* [Assignment]: After dropping the pictures, give again exactly the lines of the data from its first line through the line with "La más occidental", which is included as well.

* [Working data]:
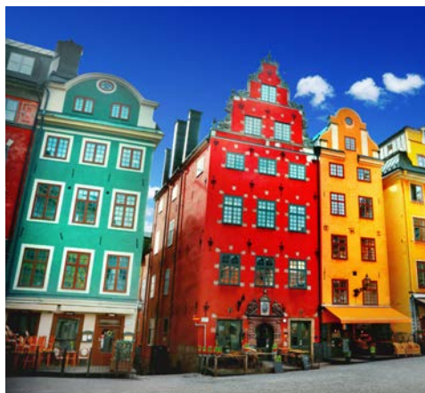
Einladend – die Altstadt Gamla Stan von Stockholm

Tipp: Die Restaurants in Stockholm sind in der Regel sehr gut besucht, wir empfehlen Ihnen, vorab zu reservieren.
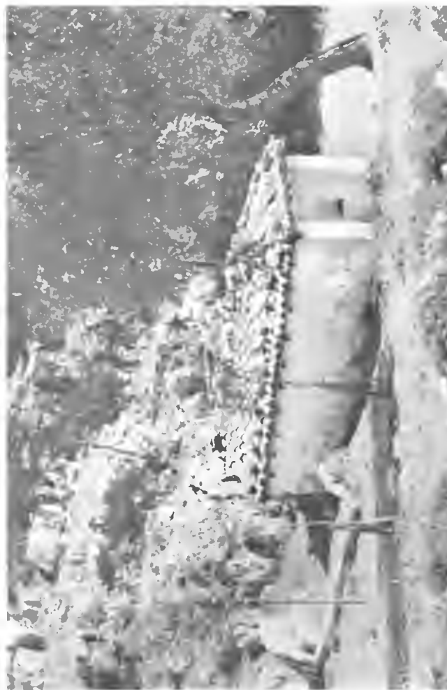
Txabola de Lapatza en

La más occidental y separada del conjunto principal, la pétreo cima de Aitz-Zorrotz (738 m.), rematada por la ermita de
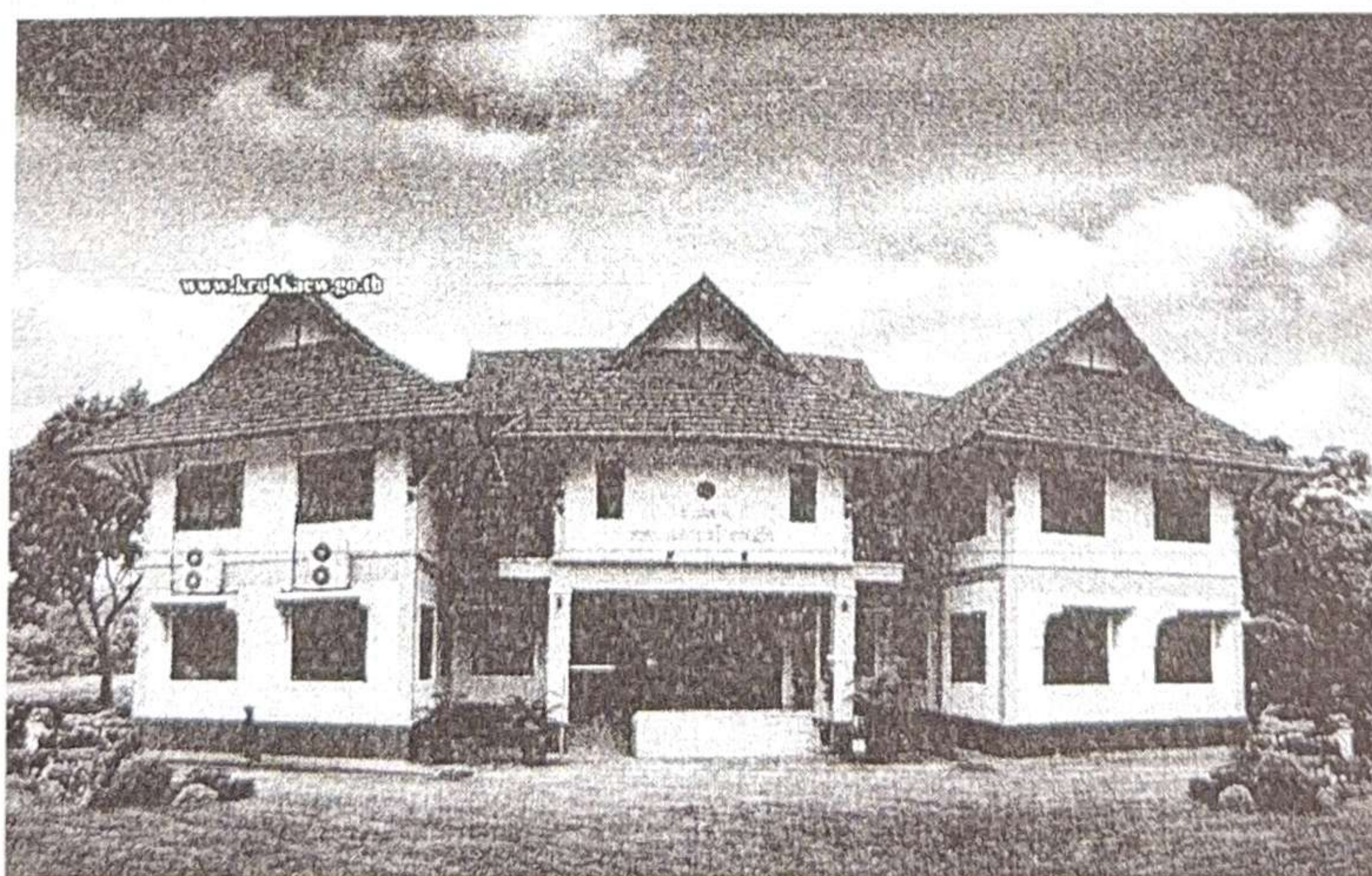
เทศบาลตำบลโกรกแก้ว อำเภอโนนสุวรรณ จังหวัดบุรีรัมย์
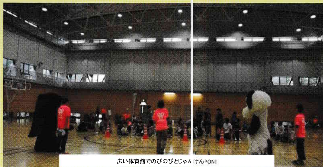
広い体育館でのびのびとじゃんけんPON!

9月30日(土)午後、リソースネット企画で調布特別支援学校の子どもたち、家族、サポートさんたちが集いました。電通大生のジャクリングの見事な妙技と、お手玉を使って体験もしました。ダンスとゲームは、OBお母さんのレインボーサークル。お楽しみは、どーもくんとワンワンくんとおしゃべりけんゲームです。ひろーい体育館で、大きな声を出し、全身のびのびした1日でした。
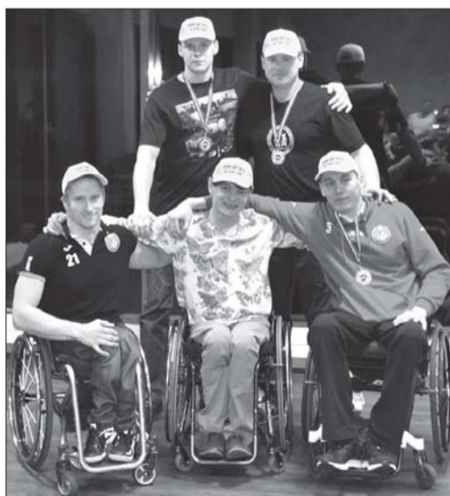
Символическая пятерка турнира Кубок Цесиса.

– Я планирую, что будут участвовать 7 команд – сильнейшие
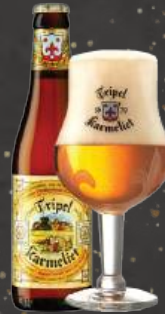
Tripel Karmeliet 0,33 L | 8,0% 5,50
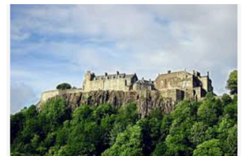
Stirling Castle – Wikipedia sv.wikipedia.org

Bussturen går enligt: "Heading north we pass the imposing ramparts of Stirling Castle and then skirt the Trossachs National Park (Rob Roy country).
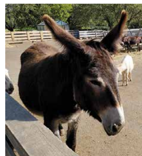
Wartet darauf gekraut zu werden: Streicheltier im Eselpark Maltatal
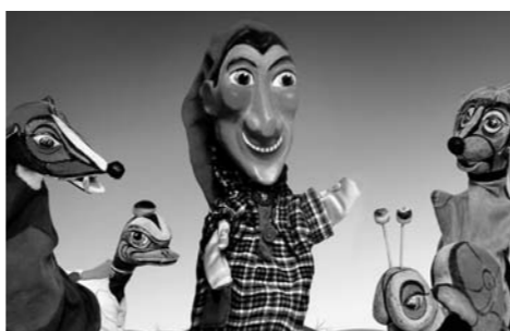
Kasperl mit seinen Freunden
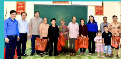
Tặng quà các gia đình có hoàn cảnh khó khăn

(1) Tổ chức các hoạt động trong Tháng hành động vì trẻ em: Khánh thành Công trình thanh niên “Sân chơi cho bệnh nhi” hưởng ứng Chiến dịch tình nguyện hè năm 2024; các cơ sở Đoàn trực thuộc tổ chức các lớp học năng khiếu hè cho con em người lao động tại đơn vị.
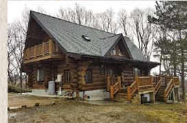
当社施工のログハウス
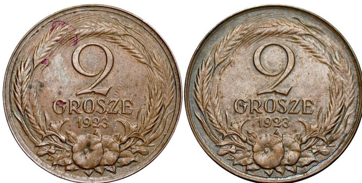
PDA aukcja 13, pozycja 961
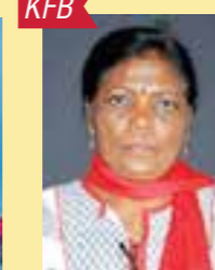
N.D. Madar SG-III
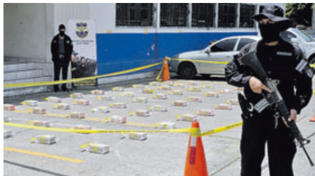
En la mayoría de los decomisos ha habido detenciones de ciudadanos ecuatorianos y colombianos.

En total las autoridades decomisaron 10,626.53 kilos de distintos tipos de droga, equivale a 10.63 toneladas, con un valor económico que asciende a 251 millones 901 mil 34 dólares, en el mercado, según la División Antinarcóticos de la PNC. Desde el 1 de enero hasta el 28 de diciembre la droga más in-
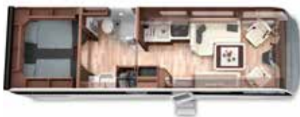
PALACE 85 L
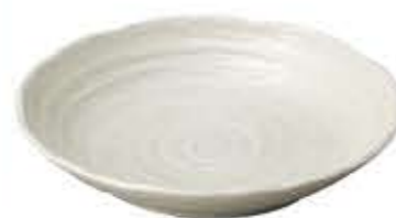
009364 7.0寸深皿 φ22×H4cm 435g
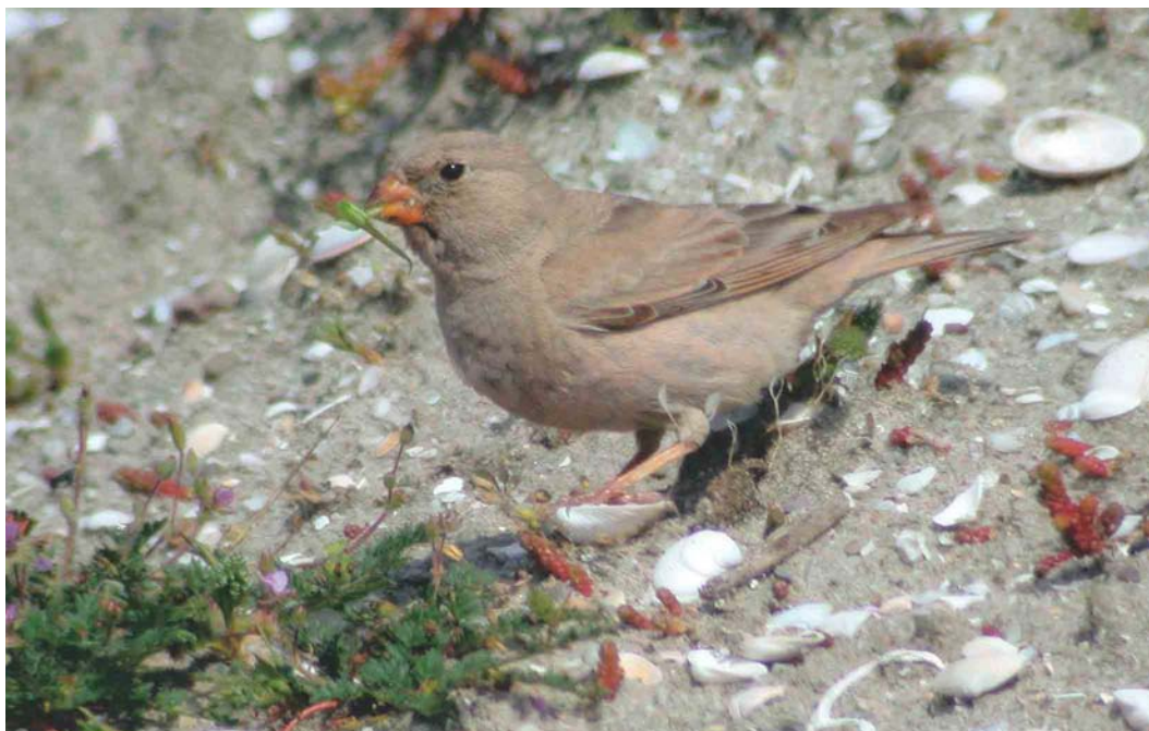
311 Woestijnvink / Trumpeter Finch Bucanetes githagineus , Maasvlakte, Zuid-Holland, 31 mei 2003
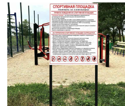
Доска объявлений 910x40x1900мм
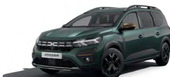
ZELENÁ CĚDRE (1)
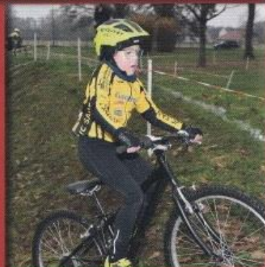
Et hop! j'ai glissé!
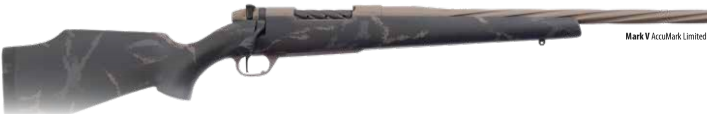
Mark V AccuMark Limited
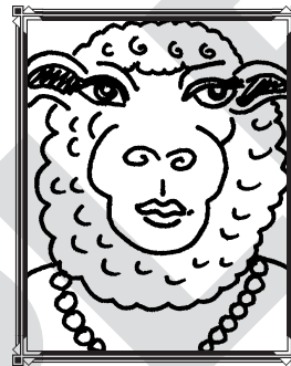
Ceci la oveja
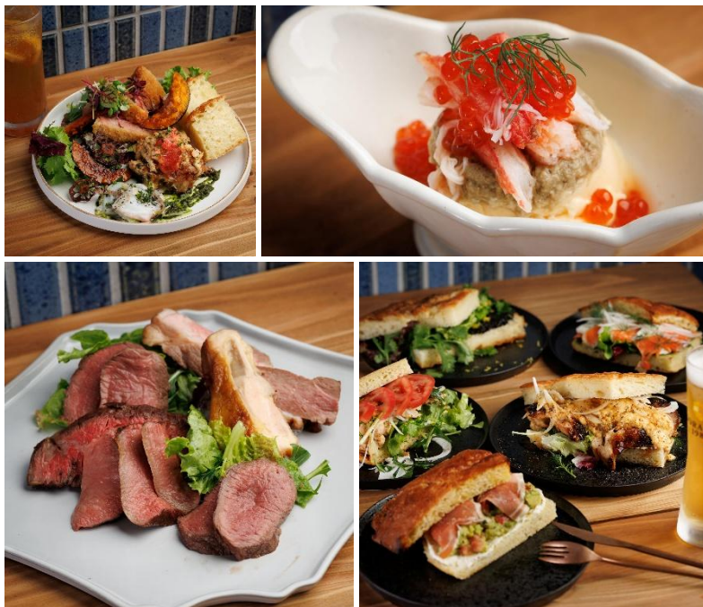
(左上①・右上②・左下③・右下④の画像)
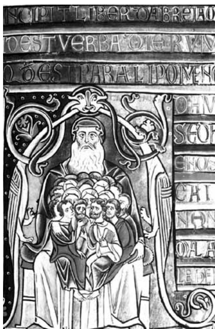
تصویر ۱۲- مسیحیان و مسلمانان در آغوش حضرت ابراهیم، انجیل.
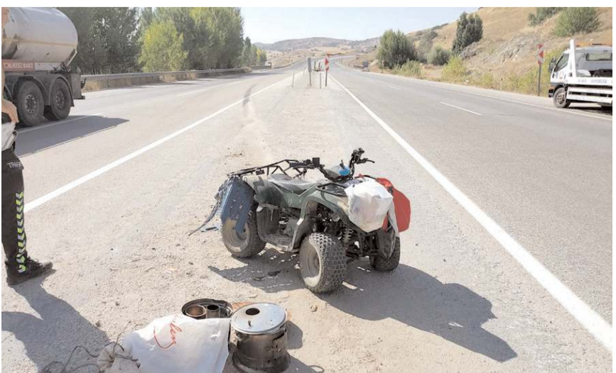
ATV sürücüsünün ölümüne neden olan tır sürücüsü gözaltına alındı.

DEFTER ÇEŞİTLERİ ÇANTA ÇEŞİTLERİ KIRTASIYE ÇEŞİTLERİ A'DAN Z'YE SORU BANKALARI TÜM KİTAP ÇEŞİTLERİ NE ALIRSAN AL YARISINI ÖDE
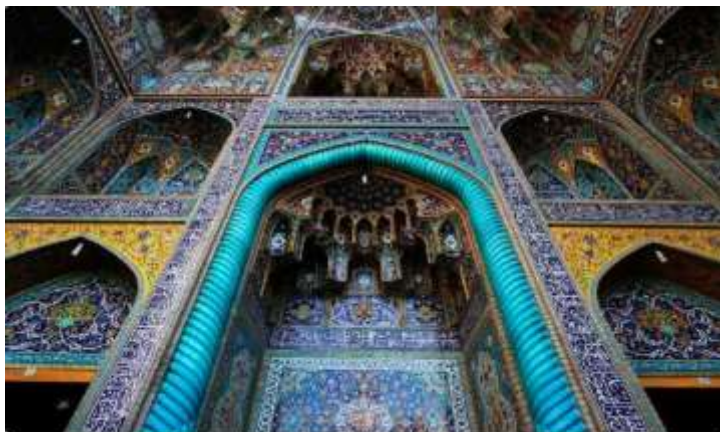
تصویر ۹: شاهکار هنر کاشی‌کاری، مسجد گوهرشاد، دوره تیموری
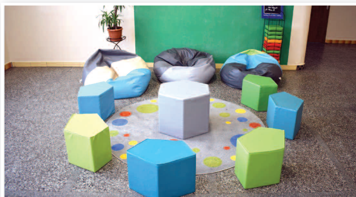
Utworzenie kąjka relaksu w Szkole Podstawowej nr 3 w Rakszawie
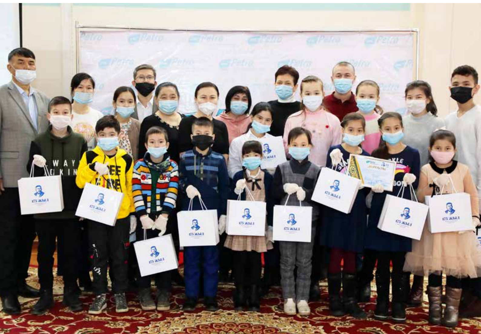
Абай Құнанбайұлының 175 жылдығына арналған «Ұлы Абай» онлайн-конкурсының жеңімпаздары, Қызылорда / Победители онлайн-конкурса «Великий Абай», посвященного 175-летию со дня рождения Абая Кунанбаева, Кызылорда / Winners of the online competition "Great Abai" dedicated to the 175th anniversary of the birth of Abai Kunanbayev, Kyzylorda

* [The completed task]:
Einladend – die Altstadt Gamla Stan von Stockholm

Tipp: Die Restaurants in Stockholm sind in der Regel sehr gut besucht, wir empfehlen Ihnen, vorab zu reservieren.
Txabola de Lapatza en

La más occidental y separada del conjunto principal, la pétreo cima de Aitz-Zorrotz (738 m.), rematada por la ermita de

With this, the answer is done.